Hometown News For Orange County, Texas
Dave Rogers
For The Record
When Deborah Mitchell and Theresa Beauchamp face off for the Orange County Precinct 2 Commissioner seat in the Nov. 6 election, it won’t be for the first time.
In May of 2004, Beauchamp defeated Mitchell 871 votes to 748 in a race for the City of Orange’s Place 1 city council seat.
Beauchamp, a Republican, was re-elected four times, twice without opposition, and held the office 11 years before being term-limited.
Mitchell, former Orange County Democratic Party chair, was elected to Orange City Council in May of 2005 and served a pair of two-year terms.
“Orange was heavily Republican represented then,” said Mitchell, who resigned as local party leader to run this November as one of two Democrats seeking county office this year.
She and fellow Democrat Gail Barnett, who is taking on incumbent Hershel Stagner, Jr. for Justice of the Peace Precinct 1, are giving Orange County its first two contested races since 2014.
Beauchamp, meanwhile, just wants her friends to know she has another election coming. Soon.
“Everybody keeps saying, ‘Here’s our new commissioner,’ and I say, ‘Oh no, no, I’m not,’” she said.
The confusion is because Beauchamp has already won an election this year, defeating incumbent Barry Burton by four votes in March’s Republican primary.
Then, six days later, she was again declared winner in a recount.
“I’m afraid people will think I’m already commissioner and forget to go vote in November,” she said. “I hope I get elected. I’m ready to work.
Mitchell drew no Dem opponent, so was able to marshal her efforts for the fall.
“I’m a voice for everybody, an advocate for every citizen,” Mitchell said. “I bring diversity to have representation for all socio-economic levels.”
Mitchell won council election as the top vote-getter in a three-way race for Place 4 in 2005, and was re-elected in 2007, running unopposed.

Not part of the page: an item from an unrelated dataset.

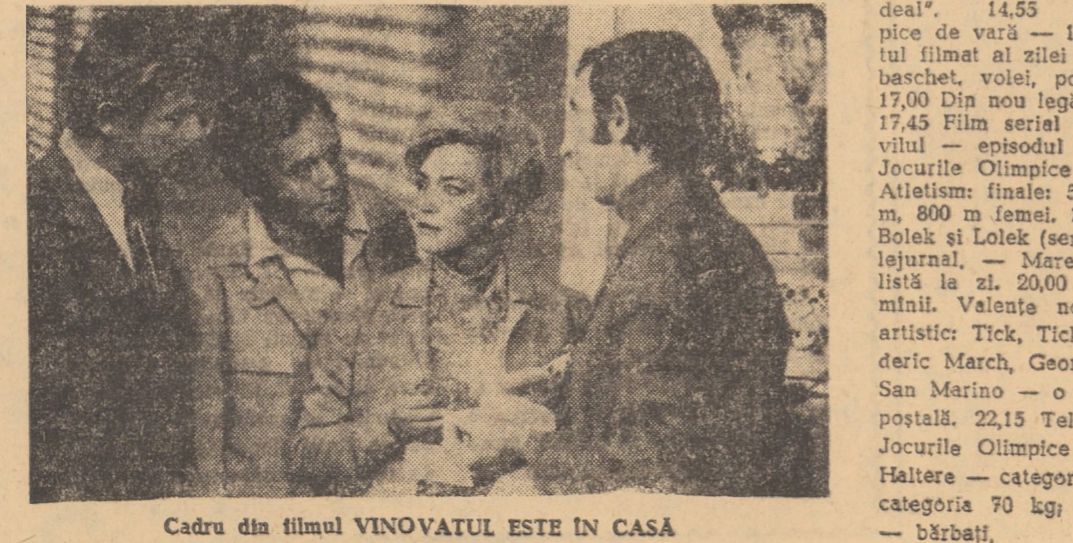
Cadru din filmul VINOVAȚUL ESTE ÎN CASĂ

SIBIU: PACEA: Jocul de-a moartea (orele 9,00; 11,30; 15,00; 18,00; 20,30); ARTA: Inima e un vinător singuratic (orele 9,30; 12,00; 15,30; 18,00; 20,30); TINERETULUI: Odiseea generalului Jose (orele 10,00; 12,00; 14,30; 16,30; 20,30); INDEPENDENȚA: Războiul sîntului (orele 11,00; 14,30; 16,30; 18,30; 20,30); 7 NOIEMBRIE: Ultimul mohican (orele 10,00; 14,00; 16,00; 18,00 și 20,00).

She lost to current councilman Bill Mello in 2009. Mitchell ran for Beauchamp’s vacated Place 1 chair in 2015, losing by one vote, 134-133, to Patrick Pullen.
From 2005-2009, Mitchell and Beauchamp served on the Orange city council together.
“We served on council together for four years; we traveled together to attend workshops,” Mitchell said.
In her time on council, Beauchamp is most proud of spear-heading drives to put Christmas angels on city light poles and pushing for a teen curfew that passed in Orange, West Orange and Pinehurst.
Mitchell’s top council memories include helping to build Lions Den Park and working to get the city back on its feet after Hurricane Rita.
“I was able to assist with the evacuation, talk to people and pray with them, and afterwards, I was able to seek out resources to help people,” Mitchell said.
“The council took a different stance. It was like they didn’t want people to know how much damage we had.”
Both Beauchamp and Mitchell have backgrounds in educational leadership, albeit different forms.
An Orange Stark High grad, Beauchamp taught school in Bridge City, Chicago and Houston, before shifting to administration at Kingwood High. She was assistant principal at Bridge City Intermediate and West Orange-Stark.
Mitchell, a native of North Carolina, was assistant principal at West Orange’s North school when she started the first after-school program in the area.
She has family services manager for the local district and worked with Head Start after-school program at the high school and intermediate school for 37 years.
Mitchell says economic development and quality of life are two of the issues she will tackle if she’s elected commissioner.
Beauchamp said “I was really upset with all that wasn’t going on [in county government], and then people started calling me and said, ‘Have you thought about running for commissioner?’
“We’ve got to grow, and we’ve got to get it looking better. We’ve got to get it back up to speed, where people feel more comfortable about living here.”